[Opening Data excerpt section]
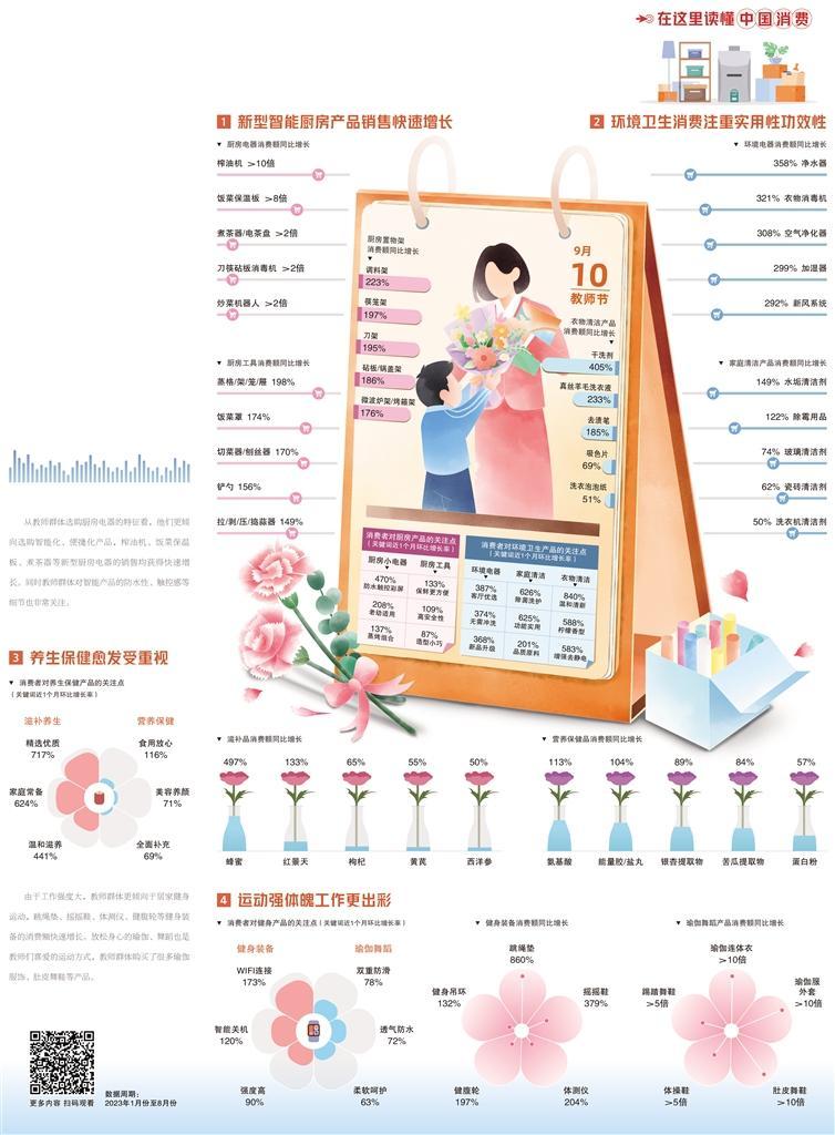 教师群体尤其重视环境卫生消费,并且十分注重产品的实用性和功效性。数据显示,净水器、衣物消毒机、空气净化器等环境电器,水垢清洁剂、除霉用品、玻璃清洁剂等家清产品,以及干洗剂、真丝羊毛洗衣液、去渍笔等衣物清洁产品的销售额均增长明显。
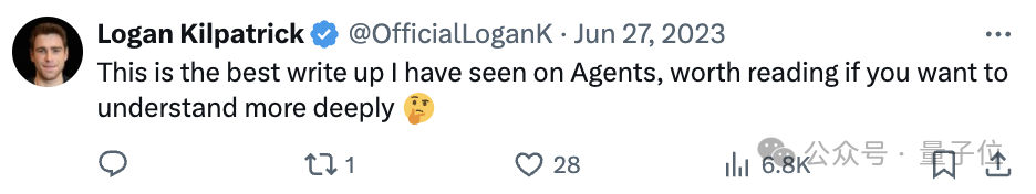 之前,翁荔还提出过Agent公式:Agent=大模型+记忆+主动规划+工具使用,被一些网友称为是“看到的有关Agent的最好的文章”。
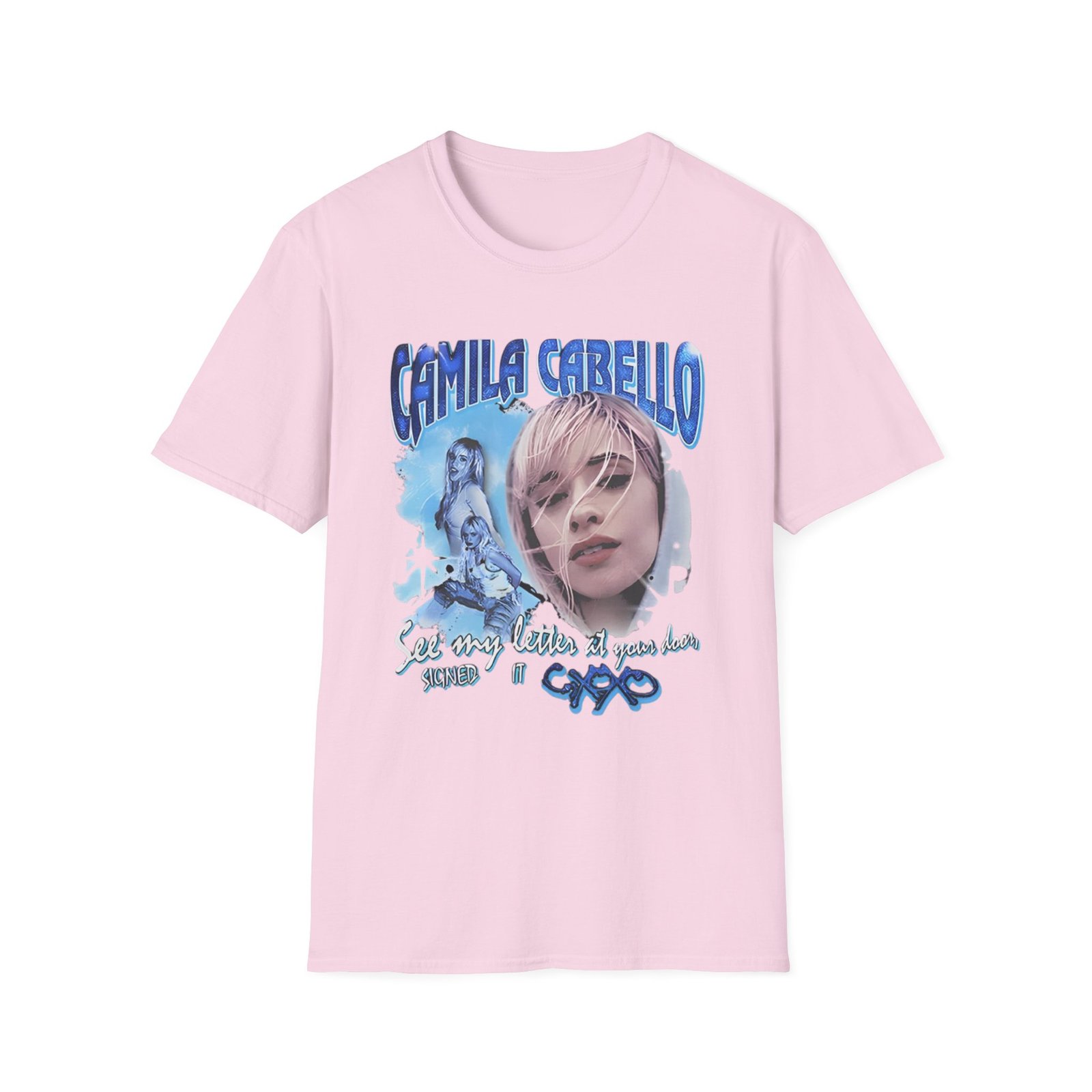 The Camila Cabello Signed It C,xoxo unisex soft-style t-shirt puts a new spin on casual comfort. Made from very soft materials, this tee is 100% cotton for solid colors. Heather colors and sports grey include polyester. The shoulders have twill tape for improved durability. There are no side seams. The collar is made with ribbed knitting to prevent curling damage.
[Closing Data excerpt section]
● **What to produce**: Omit the pictures and output all of the other material exactly.

● **The answer**:
 教师群体尤其重视环境卫生消费,并且十分注重产品的实用性和功效性。数据显示,净水器、衣物消毒机、空气净化器等环境电器,水垢清洁剂、除霉用品、玻璃清洁剂等家清产品,以及干洗剂、真丝羊毛洗衣液、去渍笔等衣物清洁产品的销售额均增长明显。
 之前,翁荔还提出过Agent公式:Agent=大模型+记忆+主动规划+工具使用,被一些网友称为是“看到的有关Agent的最好的文章”。
 The Camila Cabello Signed It C,xoxo unisex soft-style t-shirt puts a new spin on casual comfort. Made from very soft materials, this tee is 100% cotton for solid colors. Heather colors and sports grey include polyester. The shoulders have twill tape for improved durability. There are no side seams. The collar is made with ribbed knitting to prevent curling damage.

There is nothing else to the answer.